Saturday, March 2, 2013

List of Comedogenic Ingredients


I've previously written about ingredients that won't clog pores. Within that post, I have placed a link to a very helpful website about the topic. Now, I myself have been studying rigorously about comedogenicity (which is the ability of an ingredient to clog pores, resulting to comedones or acne), because admittedly, I have never fully overcome my acne condition. Some days I get nearly perfect skin, but many times, zits would reappear from one spot to another. It's really frustrating to achieve a flawless skin especially that I have a very oily skin.

After poring my nose over the different resources available online, I came upon a study by James E. Fulton etal., which has probably become the main reference of manufacturing skincare products. This study tested several ingredients commonly found in skincare products on a rabbit's ear to see if they can result to the formation of comedones. This is based on the premise that the presence of a comedogenic ingredient makes a product comedogenic overall. 

For the ingredients that were used in the study, a rating of 0-5 was used to indicate the level of comedogenicity, where 0 means noncomedogenic, and 5 as highly comedogenic. You will also see another scale pointing to level of irritancy of the ingredients, where 0 means non-irritating, and 5 as highly irritating. Note that a rabbit's inner ear is thinner and more sensitive than human skin, thus, some mildly rated ingredients might not be comedogenic to human skin at all.

List of highly comedogenic ingredients (4-5/5):
Acetylated Lanolin Alcohol
Cetearyl alcohol + ceteareth 20
Cetyl Acetate
Cocoa butter
Coconut butter
Ethylhexyl pelargonate
Glyceryl-30-diisostearate
Isocetyl Alcohol
Isopropyl isotearate
Isopropyl linolate
Isopropyl myristate
Isopropyl palmitate
Isopropyl isostearate
Laureth-4
Lauric Acid
Myristyl lactate
Myristyl myristate
Oleth-3
Oleyl alcohol
PEG 16 Lanolin (Solusan 16)
Polyglyceryl-3-diisostearate
PPG 5 Ceteth 10 phosphate
Steareth-10
Stearyl heptanoate
Xylene

List of moderately comedogenic ingredients (3/5):
Avocado oil (2)**
Butyl stearate
Corn oil
Cotton seed oil
D&C red #3
D&C red #17
D&C red #30
D&C red #36
Decyl oleate
Dioctyl malate
Dioctyl succinate
Evening primrose oil
Glyceryl stearate SE
Hydrogenated vegetable oil
Isodecyl oleate*
Isotearyl neopentanoate
Laureth-23
Mink oil (2)**
Myristic acid
Oleth-5
PEG 8 stearate
PEG 200 dilaurate
PG monostearate (0-3)
PPG 2 myristyl propionate
PPG 10 cetyl ether
Sesame oil (1)**
Shark liver oil
Sorbitan oleate
Soybean oil
Stearic acid*
Stearic acid: TEA
Sulfated jojoba oil
Tocopherol*
Wheat germ glyceride
Vitamin A palmitate*
Water-soluble sulfur
(Note: * depends on source of raw material; **number in parethesis indicates results for "refined" oil)

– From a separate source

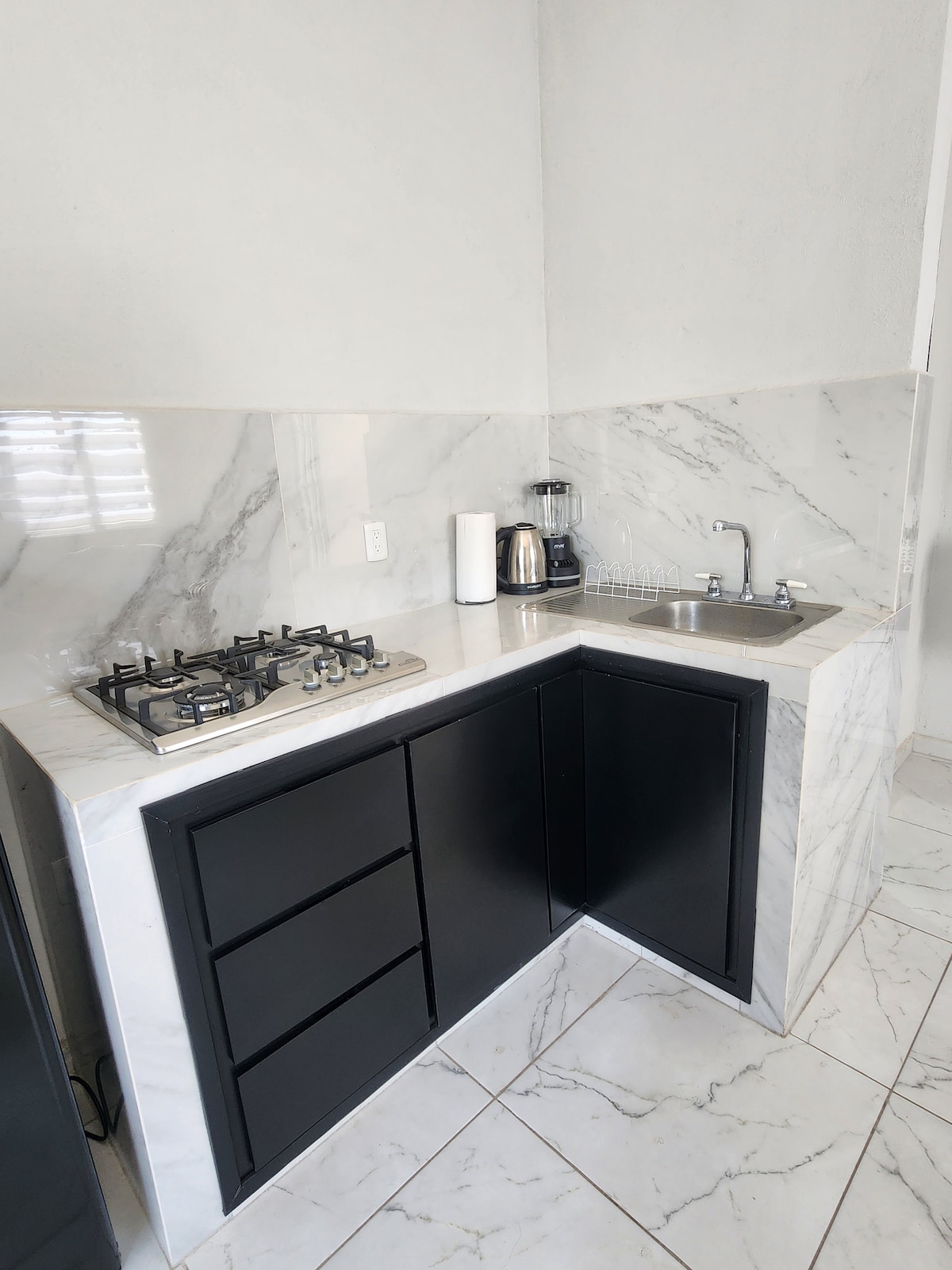 Relax with the whole family in this accommodation where tranquility is breathed. Brand new apartment, ideal for 2 adults and 2 minors, has a king size bed and a sofa bed. There is a shared washing machine and dryer on the third floor. The palapas are available as a recreation area.

List of irritating ingredients (3-5/5):
Caprylic acid
Ceteareth-20
Ethylhexyl pelargonate
Isocetyl alcohol
Isopropyl myristate
Isostearyl neopentanoate
Laureth-4
Myristyl alcohol
PEG 16 lanolin (Solusan 16)
PG  laurate
Steareth-10
Tocopherol*
Tridectyl neopentanoate
Vitamin A palmitate
Xylene
(Note: * depends on source of raw material)

Now after reviewing the list, I've realized I have been using many skincare products containing many highly comedogenic ingredients. I had made sure all my products contain the "noncomedogenic" label, but as I've found out, having such label doesn't mean they are completely free of these ingredients. It is important to note though that it might be premature to conclude that having comedogenic ingredients result to comedogenic products. It is probable that certain combinations of compounds reduce the likelihood of clogging pores. Certain major offenders though, such as isopropyl myristate, acetylated lanolin alcohol, lauric acid derivatives such as laureth-4, should be used with caution. The researchers did not believe that using a lower concentration of the aforementioned offenders would make the overall product less likely to clog pores. For the overall comedogenicity of skincare products, it was suggested by the researchers that more tests should be done in the future.

Perhaps companies have already been conducting their own tests, only that they don't publish the results for the public eye. Watching out for each and every ingredient is indeed a tedious task. So I've decided, as long as the product didn't break me out, I would continue to use it, despite the inclusion of comedogenic ingredients. On the other hand, if you do know other publications regarding comedogenicity, feel free to share it here.